Reputation: 21
I have a project running live for couple of years and it uses plain JDBC.
Now I have to implement a small module for which I am considering Hibernate. I configured Hibernate (hibernate-cfg.xml) and it's up and running.
So I have DB properties defined in two places oracle-ds.xml and hibernate-cfg.xml
Upvotes: 2
Views: 1076
Reputation: 570355
Is that OK to mix jdbc, hibernate in a single application, if not what are the issues?
It's doable but you need to take some precautions:
Do I need to configure "connection pool" in hibernate configuration and also in oracle-ds.xml
I would configure Hibernate to use the app server connection pool (see the Hibernate Datasource Properties).
I thought of configuring hibernate using JNDI but that needs mbean, HAR thats extra work and this new module is going to be used rarely. OR Should I make it as an jboss service so that connection pooling is handled by container?

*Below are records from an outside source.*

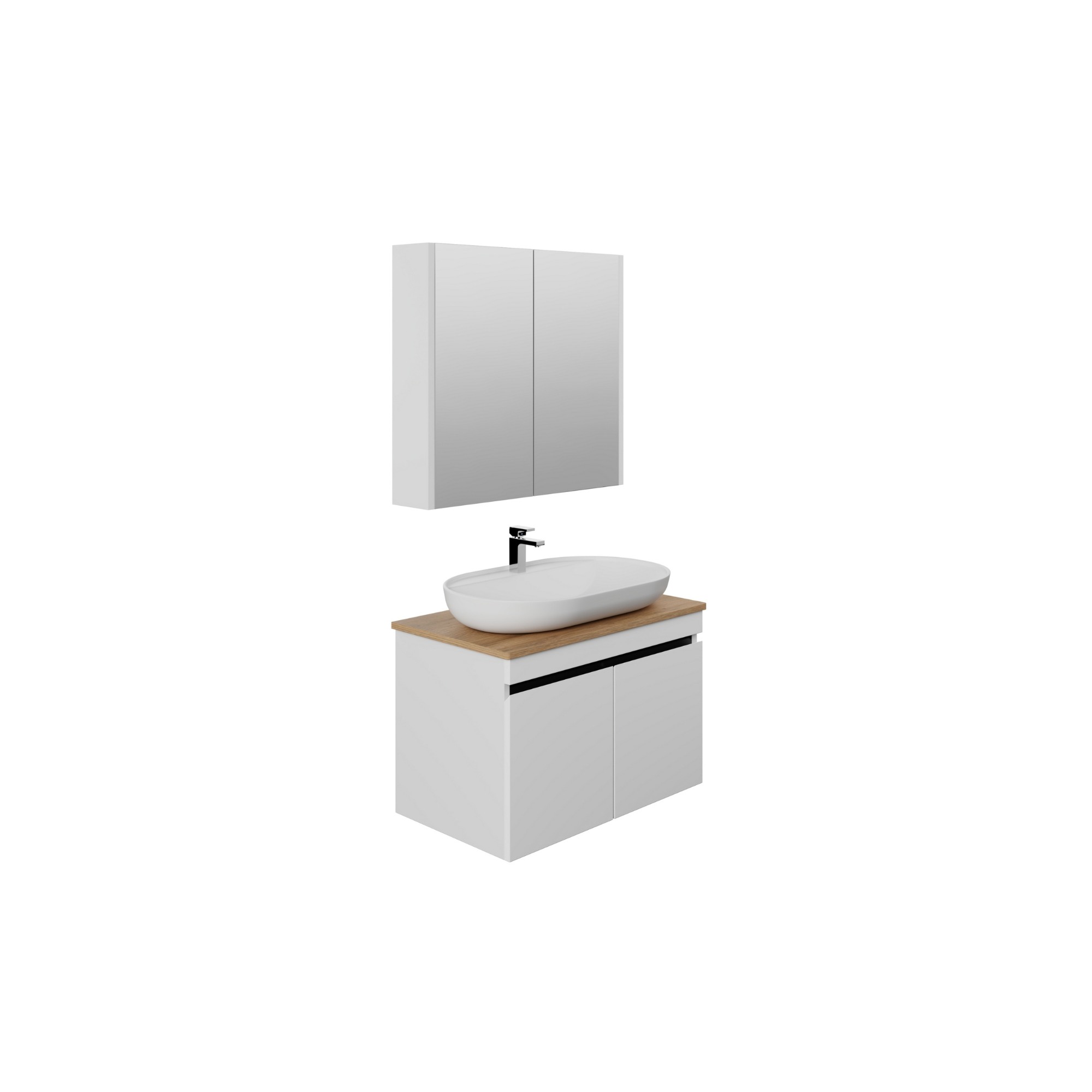 Dieses moderne Badezimmer Set besteht aus einem funktionalen Spiegelschrank, einem Unterschrank und einem eleganten Aufsatzwaschbecken aus Keramik inklusive der passenden Waschtischplatte im natürlichen Eiche-Dekor.
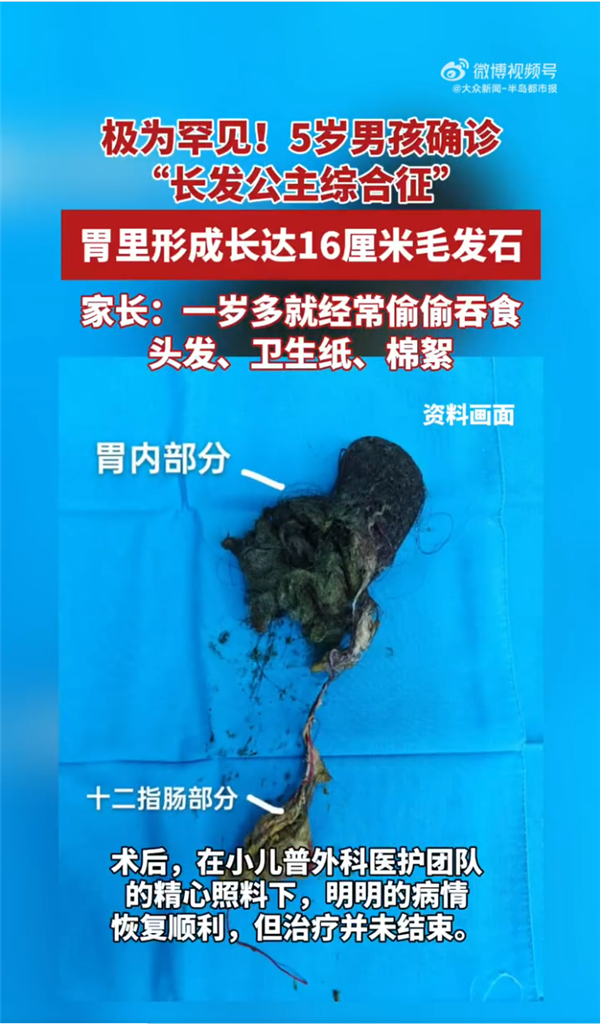 极为罕见!5岁男孩确诊“长发公主综合征” 胃里取出长达16厘米毛发石
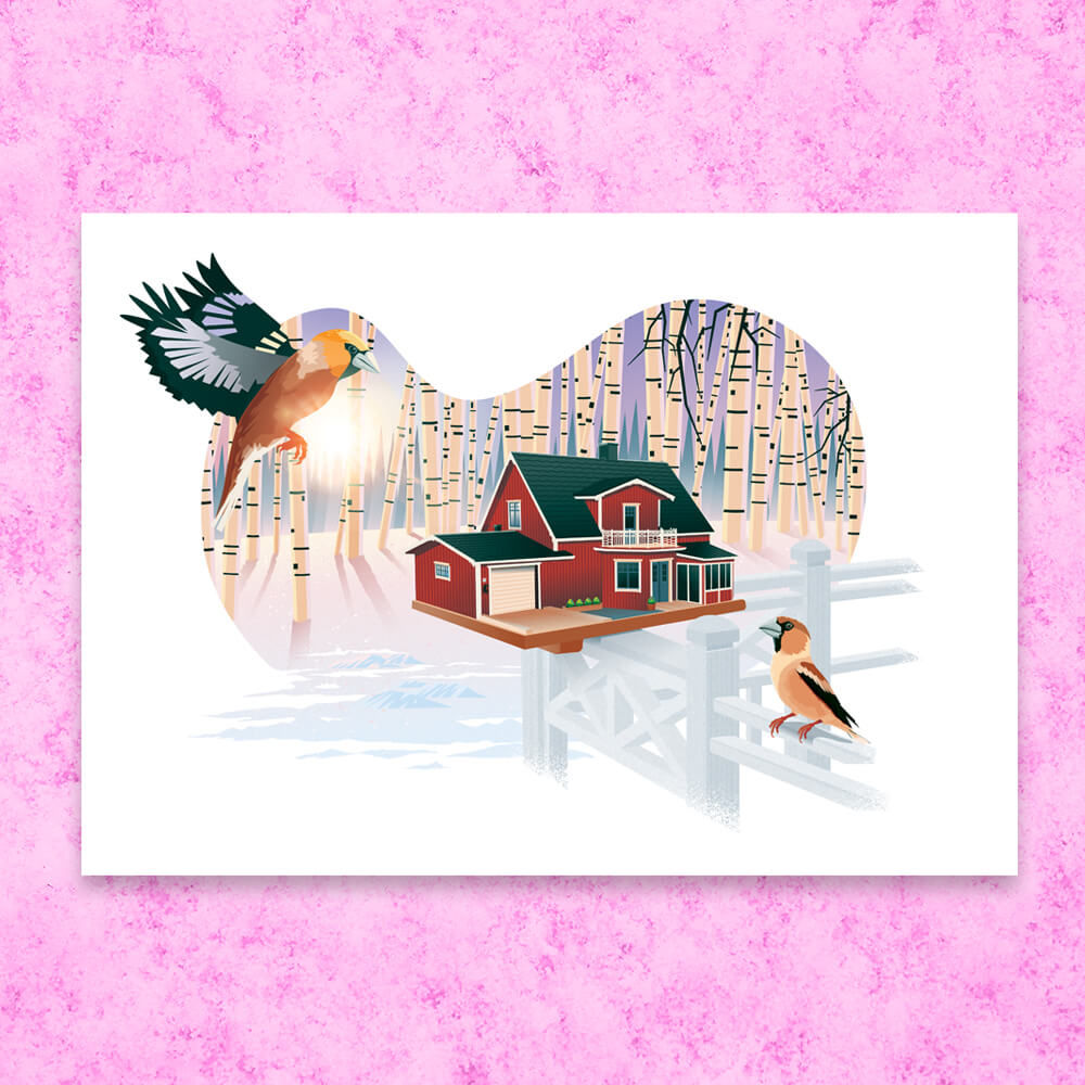 Custom illustration of a residential house in Sweden, used for Christmas and greeting cards.
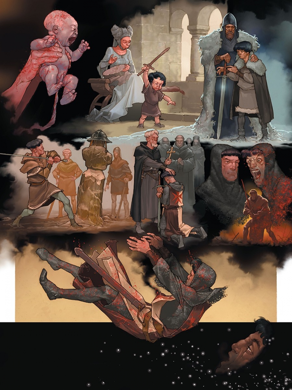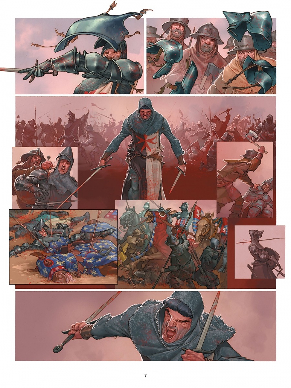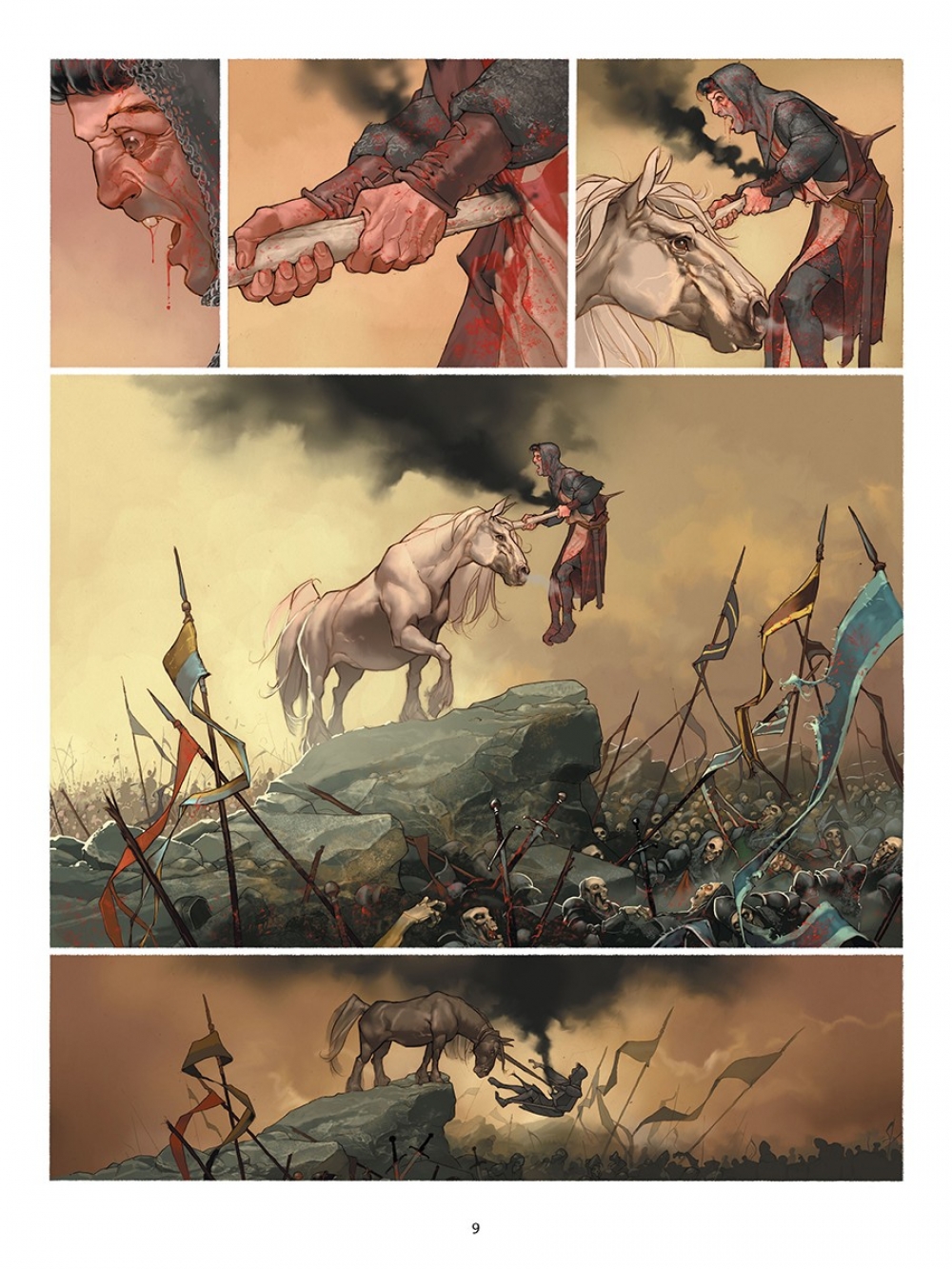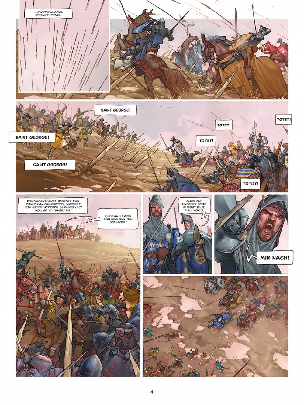 Im August 1346 erleiden die Franzosen und ihre Verbündeten bei dem Örtchen Crécy eine verheerende Niederlage. Selbst König Philipp VI. gerät im Schlachtengetümmel in Bedrängnis, und als sein Pferd unter ihm zusammenbricht, überlässt ihm der Ordensritter Juan Fernandez de Heredia sein eigenes Reittier. Nur steht er jetzt allein auf dem Schlachtfeld, umzingelt von Feinden, und trotz berserkerhafter Gegenwehr bricht er schließlich unter den Hieben seiner zahllosen Angreifer zusammen. Kurz bevor er das Bewusstsein verliert, hat er jedoch eine Vision: Er wähnt sich von einem Einhorn durchbohrt! Eine Schlacht mit weitreichenden Folgen. Zum einen ist sie der Auftakt eines Konflikts, der sich noch über hundert Jahre hinziehen wird. Zum anderen wirft sie Heredia völlig aus der Bahn. Besessen von seiner verstörenden Erscheinung, macht er sich auf die Suche nach dem Einhorn. Oder vielmehr nach einer Erklärung, warum er noch lebt.
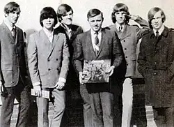 In 1966, upon learning that another band was already using the name “Tommy and the Travelers”, they needed to find another name. J.C. Hooke was familiar with Tommy Krein of that band, and asked him if he would be interested in joining their band instead; when Krein (pronounced Cryan) declined, Hooke remarked that it was "a cryan' shame," thus naming the band.[2] After the Cryan' Shames signed with Bob Monaco, the promotion manager for Destination Music, their first single was supposed to be George Harrison's song "If I Needed Someone"; however, due to publication issues, it was not released (although it was included on their debut album). Instead, their first single was "Sugar and Spice," a Tony Hatch song that had been a 1963 hit for the English group The Searchers. The Shames' version reached number 49 in the US and number four on Chicago radio (WLS). Another single was released just before the end of 1966 called "I Wanna Meet You" b/w "We Could Be Happy", both composed by Jim Fairs. This record made it to number one in Chicago and number 85 nationally.[3]
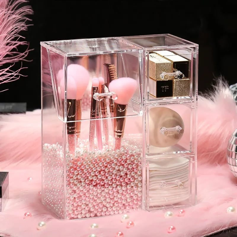 An acrylic brush holder with a drawer is a practical and stylish storage solution for brushes and accessories. Made from durable and transparent acrylic, it offers compartments for organizing brushes of various sizes, while the drawer provides extra space for small items. With its easy-to-clean design and elegant appearance, it is an ideal addition to art studios, beauty salons, or personal makeup collections. Keep your tools organized and easily accessible with this functional brush holder.
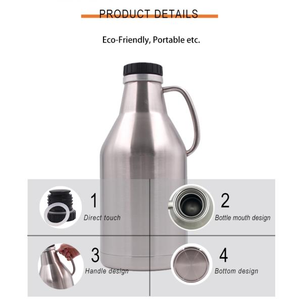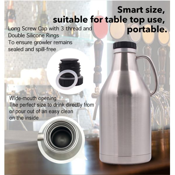 64oz stainless steel vacuum insulated beer growler with BPA free

You don't need to use a JBoss service or to use a HAR to use connection pooliong, see the above link. And I wouldn't bother with that for now, this is very low priority stuff in my opinion. First, bootstrap a first prototype, see how it fit with your existing code, what needs to be changed, etc.
Upvotes: 1
Reputation: 6317
We've mixed the two in the same application with no problems. I set the server to manage the connection pool so they end up getting shared between the JDBC code and hibernate code.
One thing you do have to keep in mind is hibernate caches the data in memory, so if you change a hibernate table directly, the application will still keep seeing the old data that's in the cache. If you turn off the cache, it takes a big performance hit. It saves you coding but you lose a lot in flexibility. It's difficult to integrate with other applications through the database and do things like replication between sites.